D'vorahDavida
Yetzirah

Toolbox Raided by Virus-- Film at Eleven
Mon Apr 06 2020

So, this is the one day a week I go to town to get groceries. It all went smoothly, especially considering I was doing my shopping for Pesach, or Passover. I have some specific things I need for my Seder or Passover meal. AND there are things I won't be able to eat for eight days that involve wheat and other grains. I found everything I needed and just for the record, there was toilet paper on the shelves. I didn't get any, because I don't need any. I think from now on toilet paper is going to seem silly. It's gotten permanent status as the Corona Virus Clown.

Anyway, while I was out I decided to take a little drive.

I went down to the river and took a few pictures.

It doesn't feel or look like April yet.

This is from the same spot, looking to the right.

It was good to get out and see some beautiful familiar places.

I have noticed something going on with me that does not fill me with happiness..... I'm having a hard time focusing on any one thing for very long. If I need to bring wood in and fill the woodbox, I can only handle that one thing. The idea of doing anything extra makes me feel overwhelmed. I'm very close to getting to the end of my wood, and ordinarily, I would work on it for an hour and get it all into the woodshed by the back door and be done with it. But I just couldn't face it. And the other day when I was raking the lawn, I had to break it up into small portions over three or four days because I realized I was easily frustrated and felt annoyed at little things that go wrong in any job you are working on.

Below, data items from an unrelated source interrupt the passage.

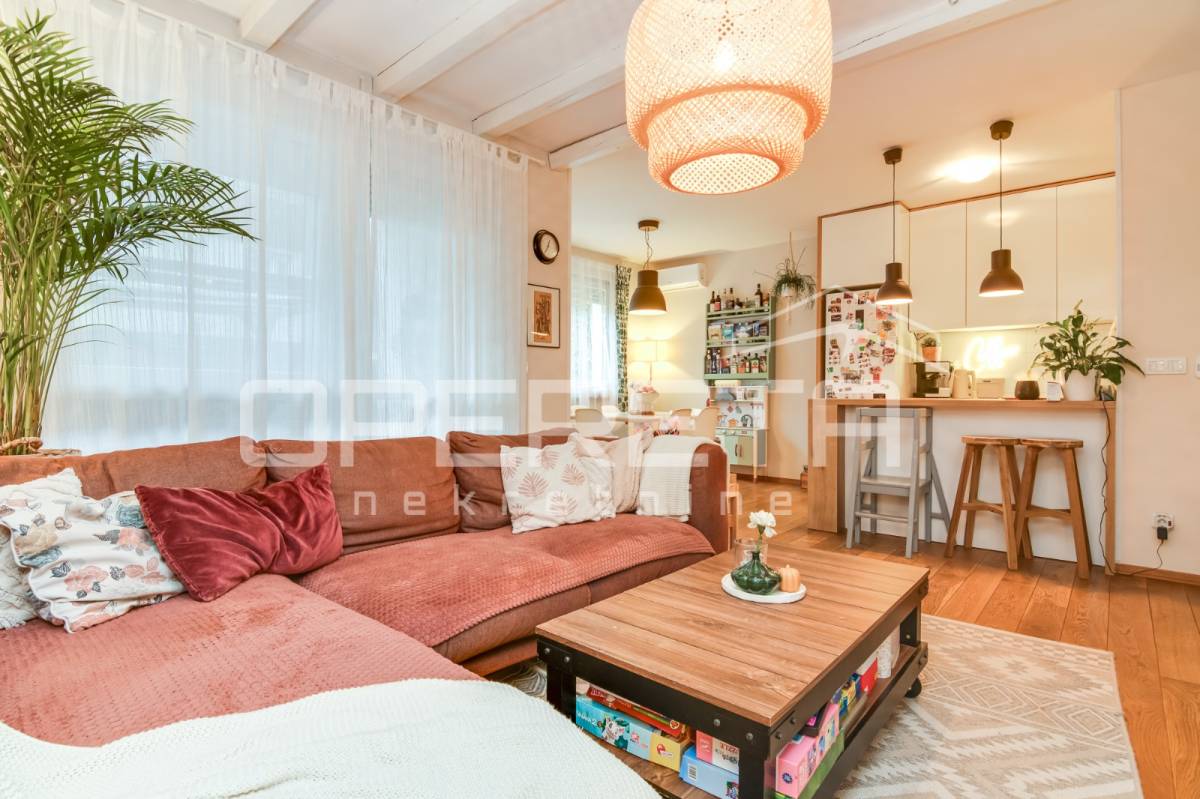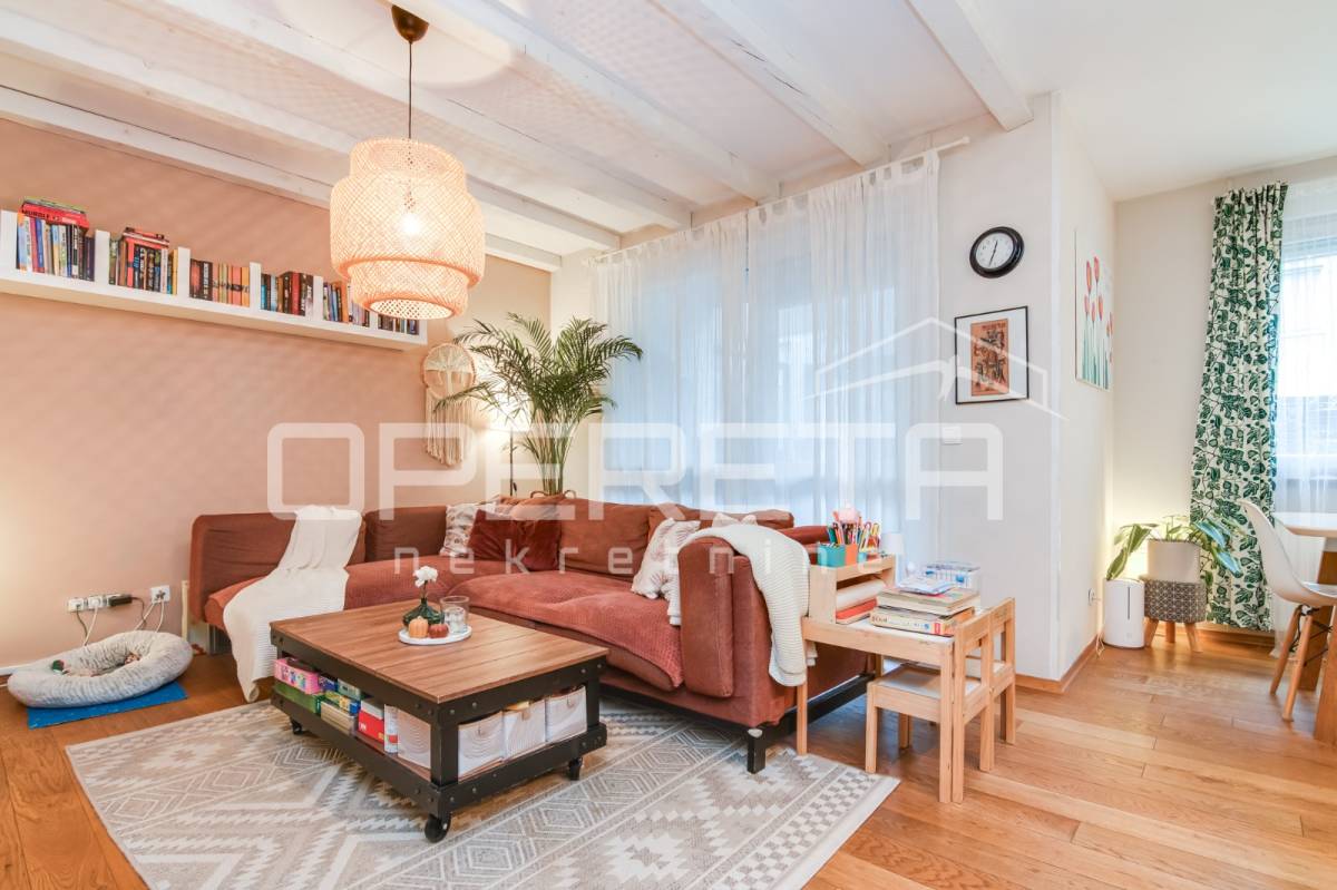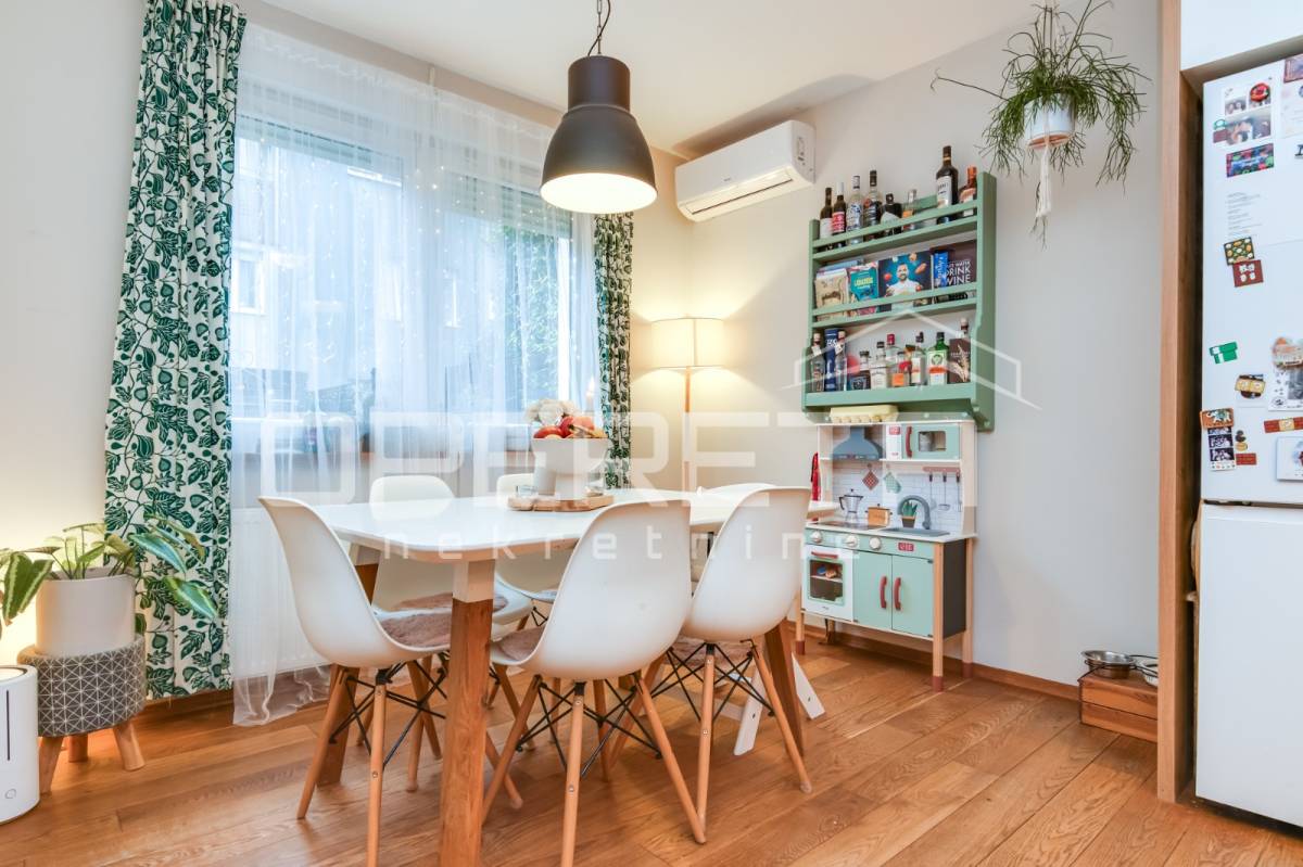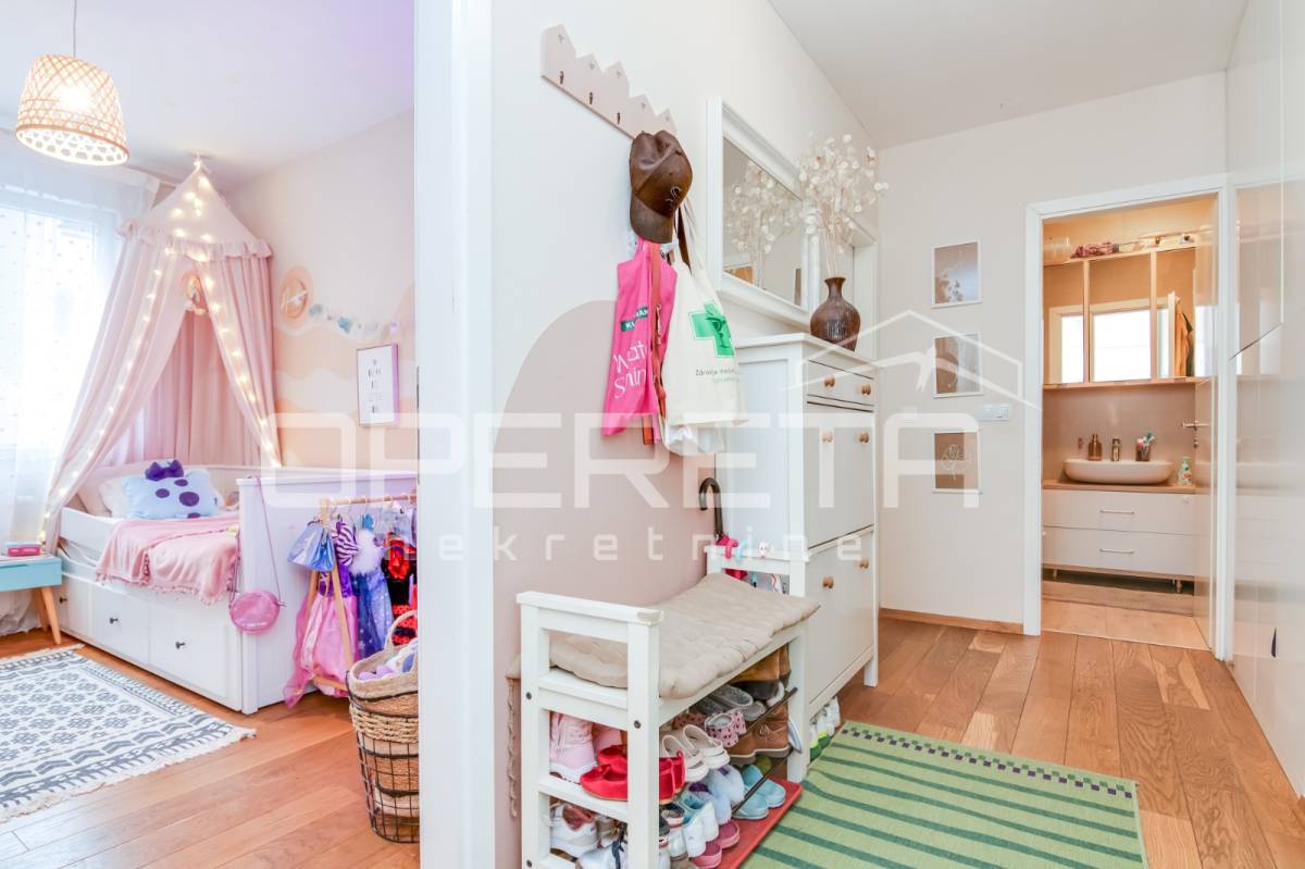 Direktan izlaz iz dnevnog boravka na terasu i vrt – idealno za obitelji s djecom, kućne ljubimce ili one koji vole boraviti na otvorenom. Pripadajuće spremište i parkirno mjesto uključeni u cijenu. Blizina javnog prijevoza (autobusna stanica), dućana i ostalih sadržaja. Mirna i sigurna lokacija, ugodna za život. Stan je odlična prilika za one koji traže više od standardnog gradskog stana – privatnost, komfor i funkcionalnost u jednom.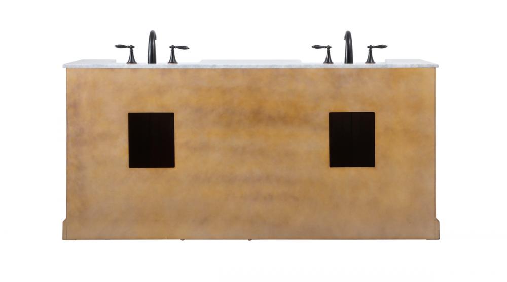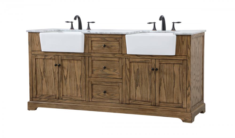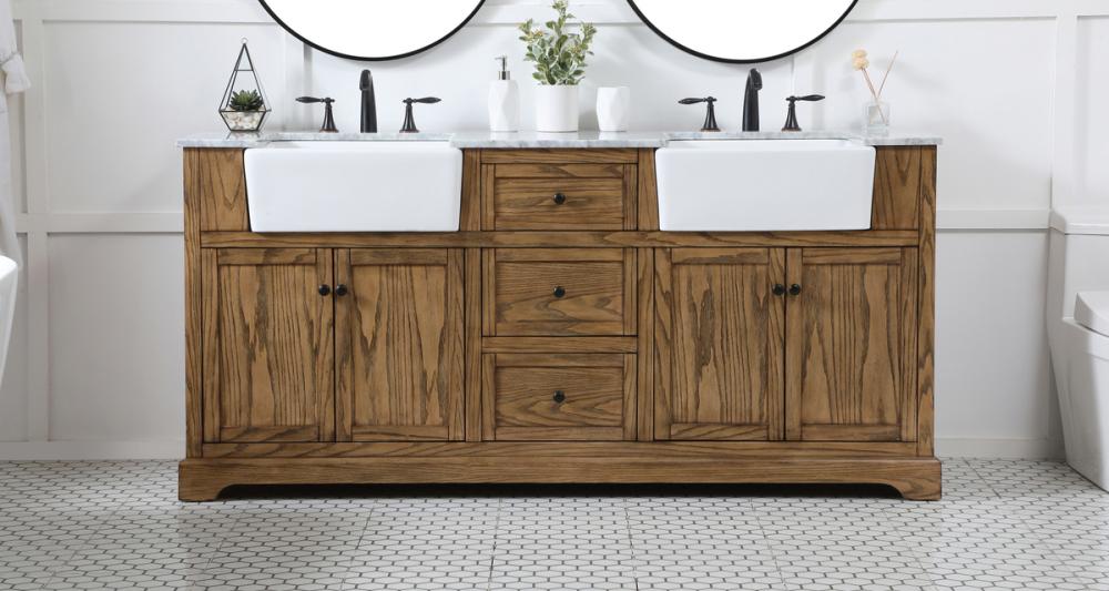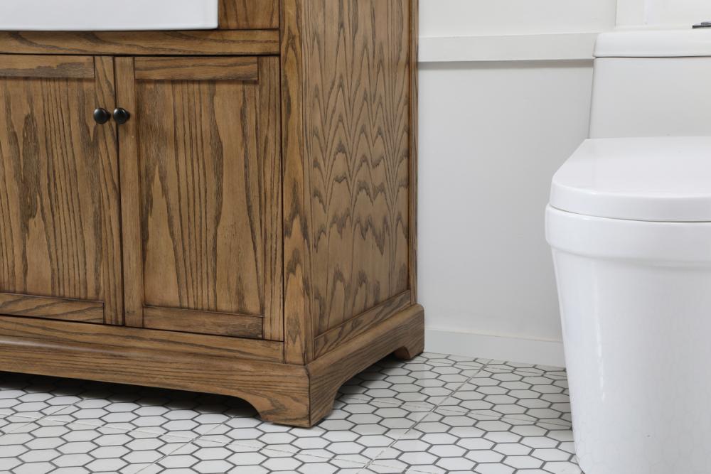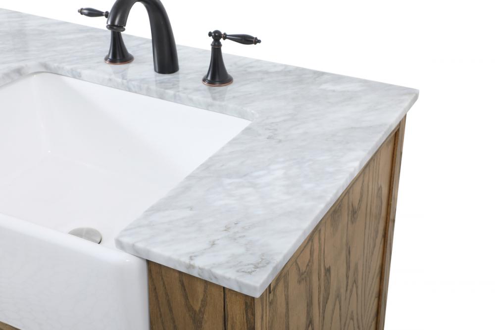 Make the most of your space with this farmhouse style bathroom vanity. Complements well with its beautiful finish, carrara white marble countertop, and the contemporary slender handle bar that sits on the functional drawers with soft closing mechanism, allowing you to store an assortment of bathroom essentials. The lower shelf makes it the perfect space to hold new towels for your guests. This stylish vanity ensures both form and function in your bathroom for you and your guests.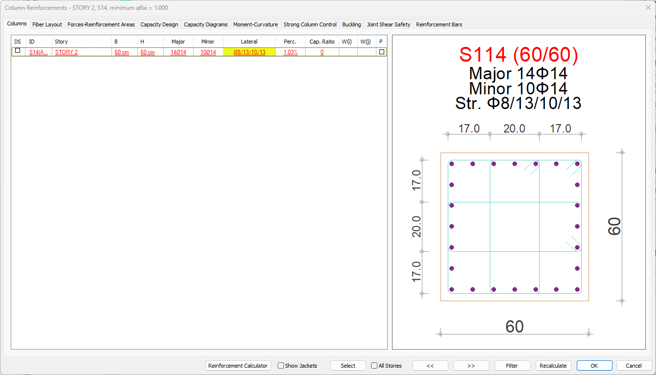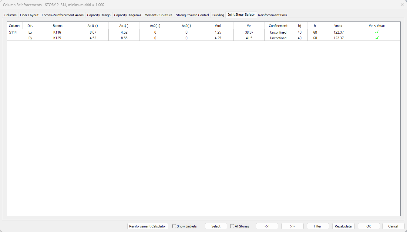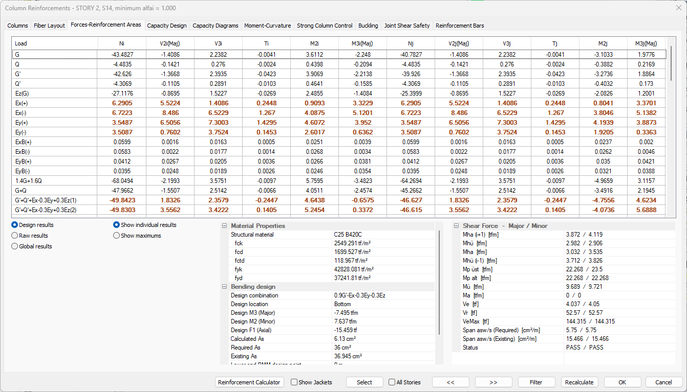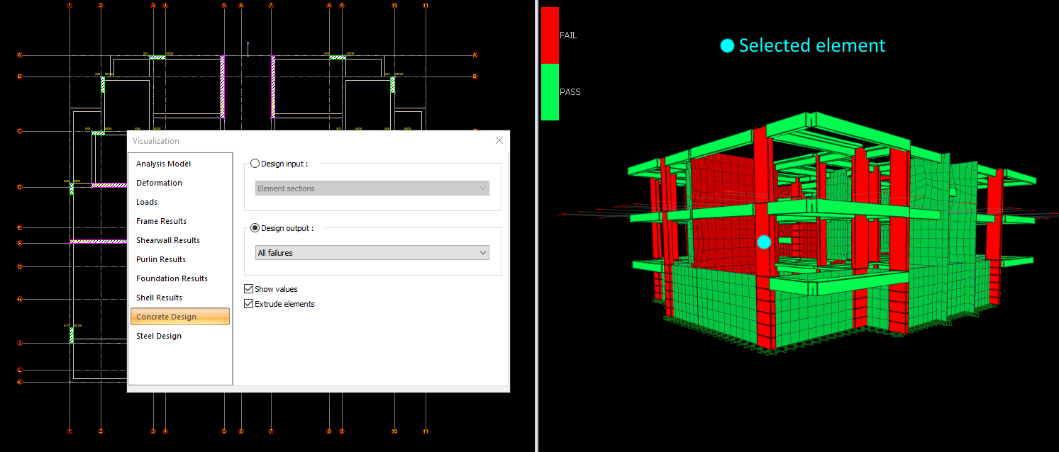 After the Analysis+Design is done, while the "All failures" is active on the 3D analysis model visualization screen, the element concrete design results dialog is opened by clicking on any element. The element design results dialog contains the results for the amount of reinforcement, design ratio, internal forces, and design forces.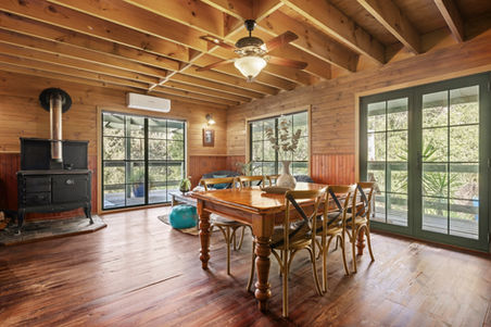 A winding horseshoe driveway leads you to the welcoming wraparound verandah, perfectly positioned to overlook the distant hills. Inside, dramatic ceilings, exposed beams, and rich timber floors frame the open-plan lounge and dining area, warmed by a wood fire and cooled by a ceiling fan. A dedicated bar corner adds a touch of fun for nights in with friends.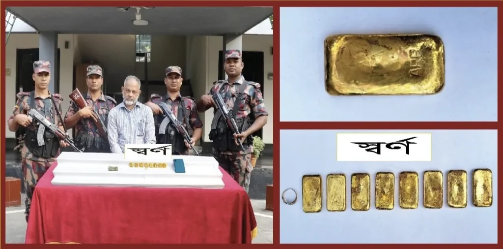 যশোর শহরতলীর মুড়লী মোড় এলাকা থেকে ১ কেজি ২০ গ্রাম ওজনের আটটি স্বর্ণের বার ও একটি স্বর্ণের আংটিসহ এক পাচারকারীকে আটক করেছে বর্ডার গার্ড বাংলাদেশ (বিজিবি) সদস্যরা। আটককৃতের নাম শেখ অলিউল্লা (৫৫)। তিনি সাতক্ষীরা সদর উপজেলার মধ্যকাটিয়া গ্রামের শেখ আরিজুল্লাহর ছেলে। আজ রোববার (২৬ অক্টোবর) সকাল সাড়ে ৬টার দিকে গোপন সংবাদের ভিত্তিতে যশোর ব্যাটালিয়ন (৪৯ বিজিবি)এর একটি বিশেষ দল এই অভিযান চালায়। এসময় যশোর-খুলনা মহাসড়কের মুড়লী মোড় এলাকায় তল্লাশির সময় অলিউল্লার কোমরে বিশেষ কায়দায় লুকানো অবস্থায় আটটি স্বর্ণের বার ও একটি আংটি পাওয়া যায়। এছাড়া তার কাছ থেকে একটি মোবাইল ফোন ও নগদ ১ হাজার ৭৬০ টাকা জব্দ করা হয়েছে। বিজিবির পক্ষ থেকে জানানো হয়,আটক অলিউল্লা প্রাথমিক জিজ্ঞাসাবাদে স্বীকার করেছেন যে,তিনি ঢাকার যাত্রাবাড়ী এলাকার চোরাকারবারীদের কাছ থেকে স্বর্ণগুলো সংগ্রহ করে যশোর হয়ে ভারতে পাচারের উদ্দেশ্যে যাচ্ছিলেন। জব্দকৃত স্বর্ণের আনুমানিক বাজারমূল্য এক কোটি ৮৩ লাখ ২ হাজার ৩৪১ টাকা। মোবাইল ও নগদ অর্থসহ মোট সিজারমূল্য দাঁড়ায় এক কোটি ৮৩ লাখ ২৪ হাজার ১০১ টাকা।

This is a completely new state of being for me. Because most of the time, my inner dialog is positive and I am pretty well prepared to laugh off small set backs. It's my default mode of dealing with the world and it has served me well for many many years.

But now? Not so much. And I'm sort of flummoxed as to how to deal..... with everything.... It's like somebody took the hammer and my best screwdriver and my needle nosed pliers [oh no!] out of my toolbox. But I still have to keep doing my job.

I'm not in deep despair. Do not mistake me. It's just I'm not myself.

Whenever it's possible, I have my friends over for the Pesach seder every year. This year I will be doing my meal and reading the story alone. Along with thousands of other Jews all over the world who happen to find themselves alone and in quarentine this Wednesday night.

There is a question that we ask during the seder.... "Why is this night different from all other nights?" Well, this year that will be the most inscrutable question of all.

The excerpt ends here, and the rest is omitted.